Un caro saluto e grazie,
Pat

Cara Pat,
lettera interessante, la tua. Però permettimi: "ai tuoi tempi" (che sono anche i miei) succedeva sia che ci si innamorava e poi si andava a letto, sia che si scopava allegramente alla prima o seconda volta che ci si dava un appuntamento.
Inizio con il farti notare questo, perché la tua lettera è sostanzialmente un lungo elenco di tue aspettative non soddisfatte da lui, che evidentemente, sin dall'inizio, si è rivelato una persona ben diversa da te, almeno nel modo d'intendere una relazione.
Mi pare che il punto qui non sia stabilire se tu sei infantile, se lui ci tiene romanticamente a te in base ai regali che ti fa, o se lui abbia un po' recitato una parte solo per riuscire a conquistarti e portarti finalmente a letto - quest'ultima cosa la puoi giudicare solo tu che sei dentro la storia.

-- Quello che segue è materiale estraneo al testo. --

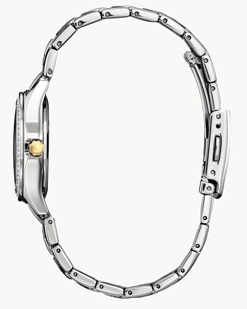 Citizen Eco-Drive Women's Elegant Crystal Collection Watch. This Eco-Drive watch is powered by light, and features a 30mm two-tone stainless steel case and bracelet with silver tone dial. Has 3-hands and date with mineral crystal. This elegant timepiece shines bright with 70 crystals surrounding the two-tone stainless steel case and white 3-hand dial and has a silver- and gold-tone stainless steel bracelet fastened with a fold over clasp.
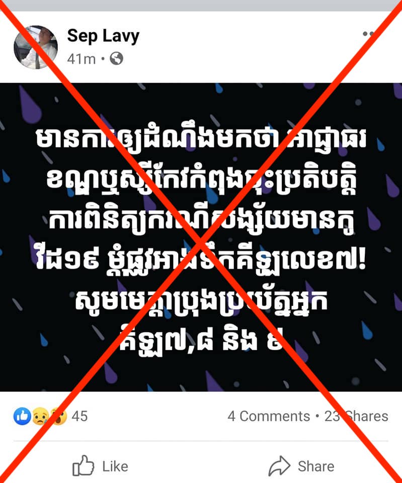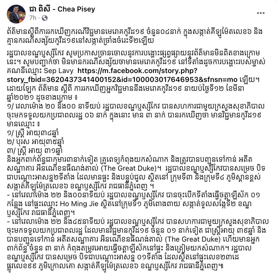 យោងតាមការបញ្ជាក់ពីលោក ជា ពិសី អភិបាលនៃគណៈអភិបាលខណ្ឌប្ញស្សីកែវ នៅលើបណ្តាញសង្គមហ្វេសប៊ុកបានឲ្យដឹងថា កាលពីយប់ថ្ងៃទី១២ ខែមីនា ឆ្នាំ២០២១ រដ្ឋបាលខណ្ឌប្ញស្សីកែវ បានធ្វើការប្រកាសច្រានចោលនូវការបង្ហោះផ្សព្វផ្សាយនូវព័ត៌មានមិនពិតរបស់ម្ចាស់គណនីឈ្មោះ Sep Lavy ដោយរដ្ឋបាលខណ្ឌបញ្ជាក់ថា មិនមានករណីសង្ស័យថាមានមេរោគកូវីដ១៩ នៅទីតាំងដូចការបង្ហោះឡើយ។
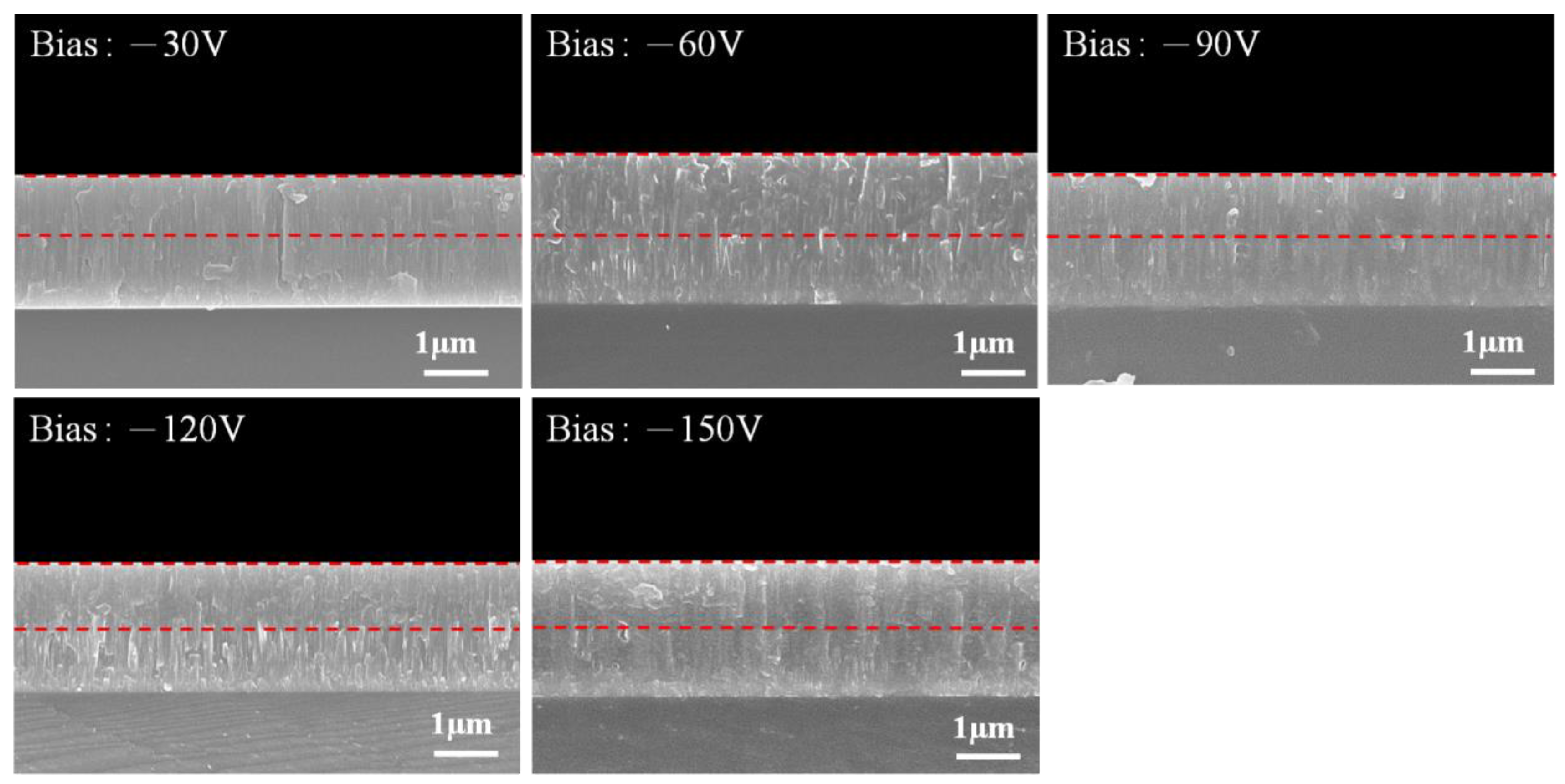 3.2. Effects of Bias Voltage on CrAlN Layers
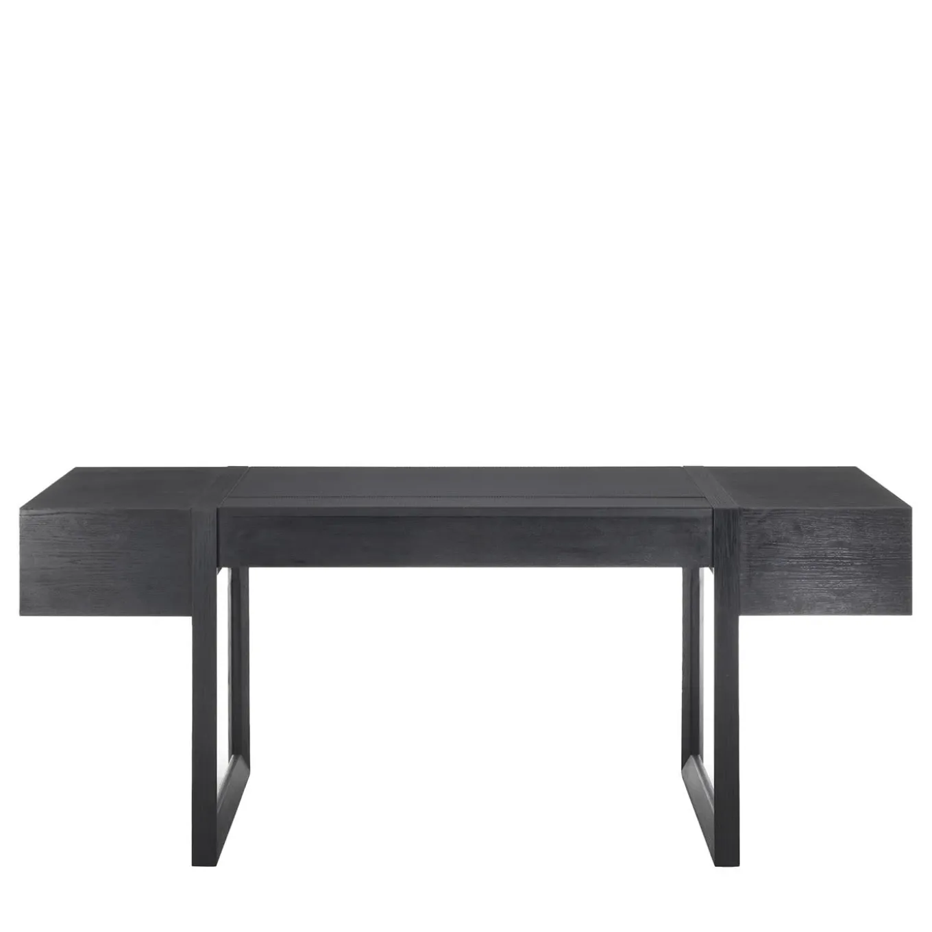 Straight lines defining bold volumes define the rigorous elegance of this writing desk, fashioned of durmast and stained in black on the outside for an effect of intense chromatic depth. Sleigh legs sustain the frame, which is equipped with a couple of drawers on both sides and a central one right beneath the top. Fine black Olimpia leather covers the central top.

Credo invece che la questione sia che lui sembra essere capace di dare sino a un certo punto e in un certo modo, e che non sembra avere in sé gli strumenti per amare che invece hai tu, almeno secondo le modalità che ti si confanno.
In breve, siete due persone apparentemente ben diverse, con sensibilità diverse. E siccome chi ha una sensibilità minore - per quanto genuina, magari - non si adatterà mai all'altro, perché non ne è proprio capace, non ti resta che chiederti se sei disposta a prenderti quest'uomo così com'è - e vedere un po' se con i mesi la situazione migliora -, oppure se lasciar perdere e esplorare altre storie.
Stare lì a fare l'esegesi di ogni tua aspettativa delusa, però, chiedendoti chi è sciocco e chi no, chi ama di più e chi di meno, non solo non ti porterà da nessuna parte, ma è anche una gran perdita di tempo.
Usalo per chiederti quanto bene puoi o non puoi stare con quest'uomo, magari.